The explication of the Nicene Creed by the World Council of Churches, Confessing the One Faith, observes that “from the beginning of his earthly mission, Jesus proclaimed the kingdom of his Father (Mark 1:15),” and so “his own kingdom can never be anything other than to prepare and bring about the kingdom of the Father.” Indeed, his kingdom is precisely “to persuade and lead everyone and everything into submission to the Father, just as the Son submits himself to the Father.” Consequently, because Christ’s kingdom is all about seeking the rule of the Father, his kingdom “will have no end” (Luke 1:33). The import of confessing the kingdom of Christ is that “it implies criticism of systems and ideologies” and the “unmasking of the false claims” of all the kingdoms of this world. The church bears witness to the true kingdom and provides the earthly kingdoms “with a perspective of their ultimate destiny and with a criterion of what will be expected of them by the coming Judge. World history should be moulded with that judgement in mind–that is, in the light of the kingdom of the Pantocrator [the Almighty], the Ruler of all creation.”

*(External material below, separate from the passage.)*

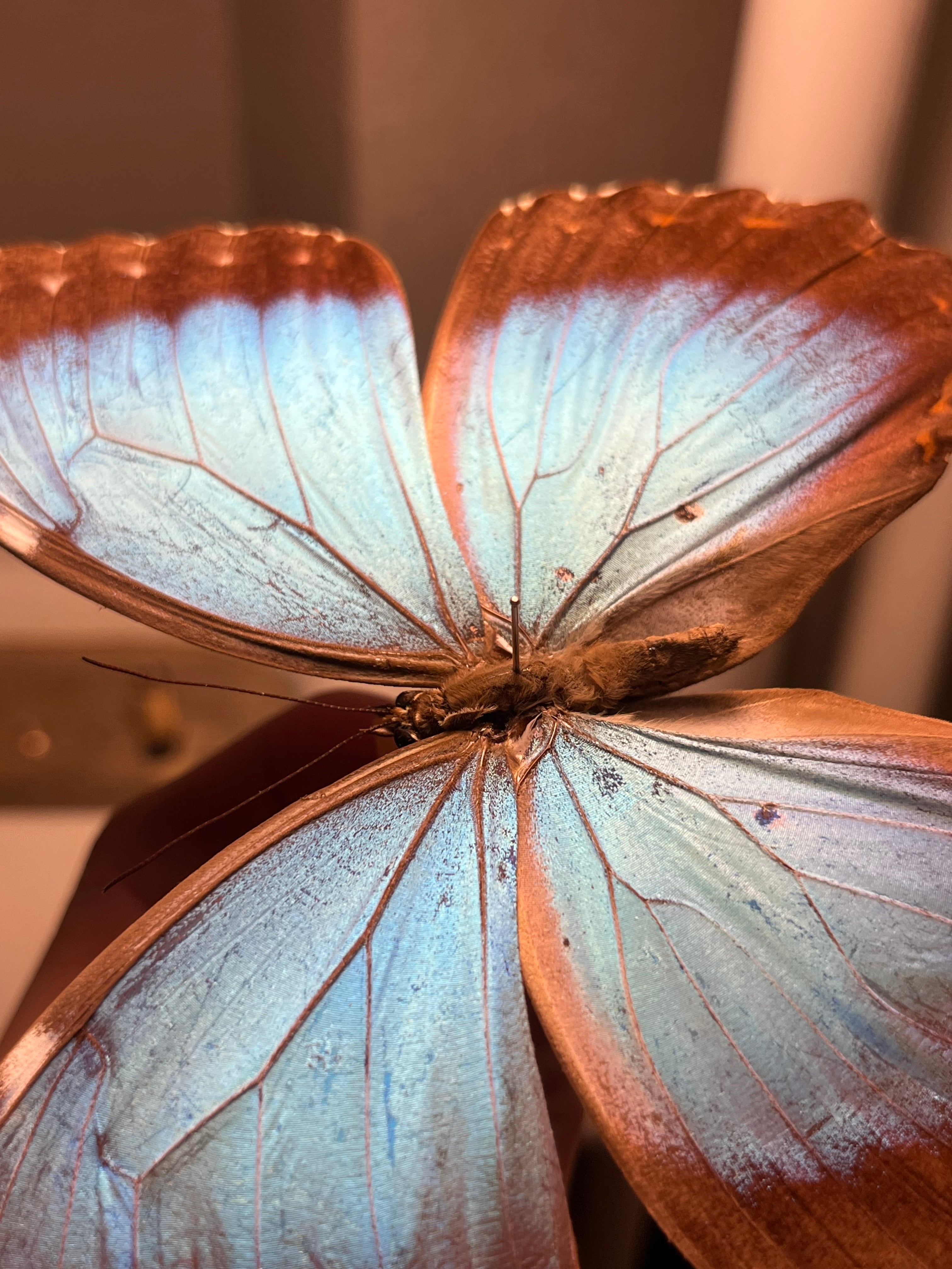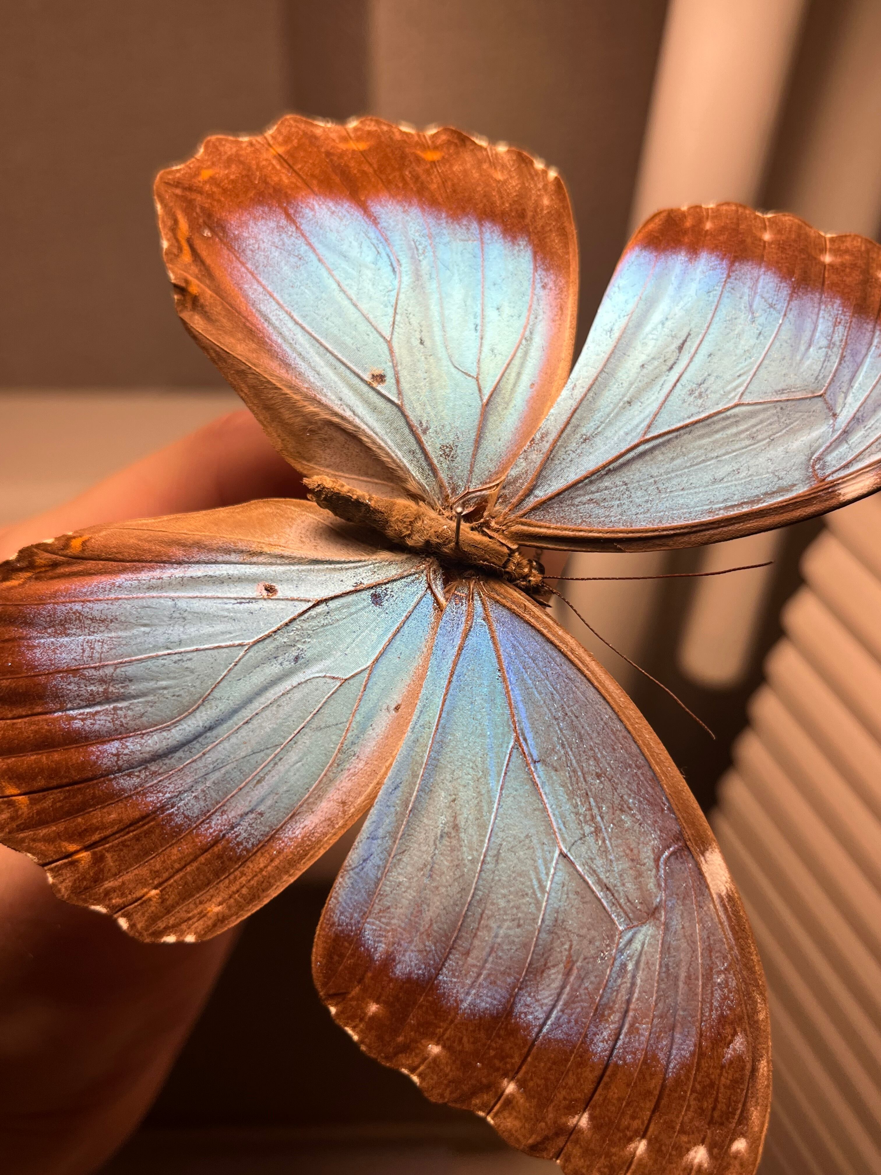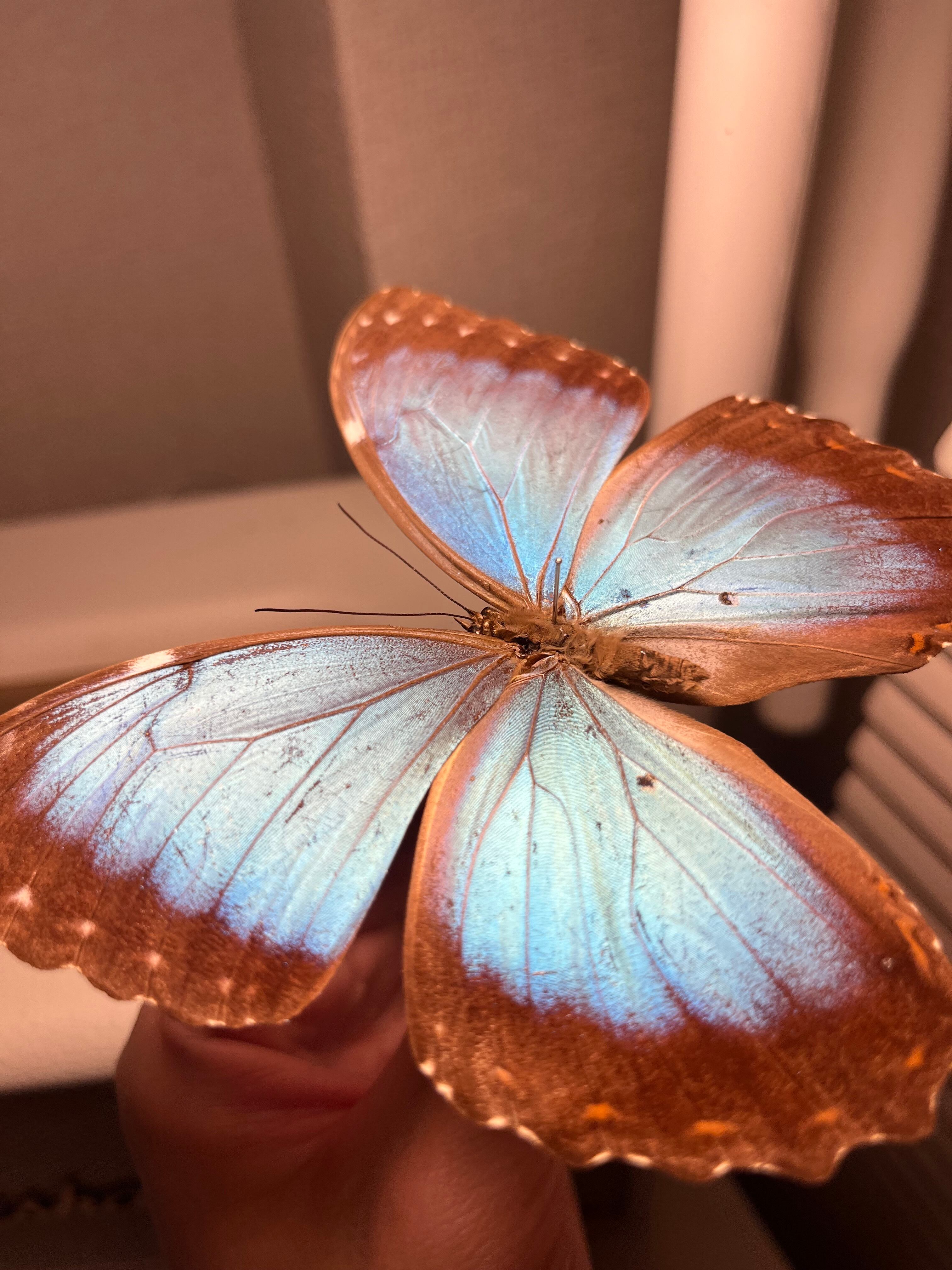蝶の鼓膜の聴覚器官は形態的に多様であり、モルフォ・ペレイデスは特に珍しい鼓膜の形態を有するため、徹底的に研究されてきました。モルフォ・ペレイデスの聴覚器官はフォーゲル器官と呼ばれ、前翅の腹側に位置しています。フォーゲル器官は内膜と外膜が別々に存在します。これらの膜は異なる振動をし、M. peleidesが検知できる周波数の範囲を拡大する方法であると考えられています。M. peleidesは、独自のフォーゲル器官により、振幅と周波数の両方の識別が可能です。M. peleidesの独特の聴覚器官は、鳥類の捕食者を検知できるように適応していると考えられています。

The church of Jesus Christ lives between the first and future comings of its Lord. This eschatological tension entails having to walk a fine line between being in the world, which involves a responsibility to be in solidarity with the world and its well-being, and not being of the world, which involves learning the skills of maintaining the integrity of the church’s distinctiveness as God’s messianic people. Thus the church prays for the nation in which it exists and seeks to be a constructive contributor to society. At the same time, the church never endorses without reserve or even objection all of the values and ways of the state and society of which it is a part. This difficult, but never uninteresting, task of living as the church in the world will continue until the end of history because the church confesses of Jesus Christ:  and his kingdom will have no endhis kingdom, not any of the kingdoms, nations, tribes, or agendas of this world.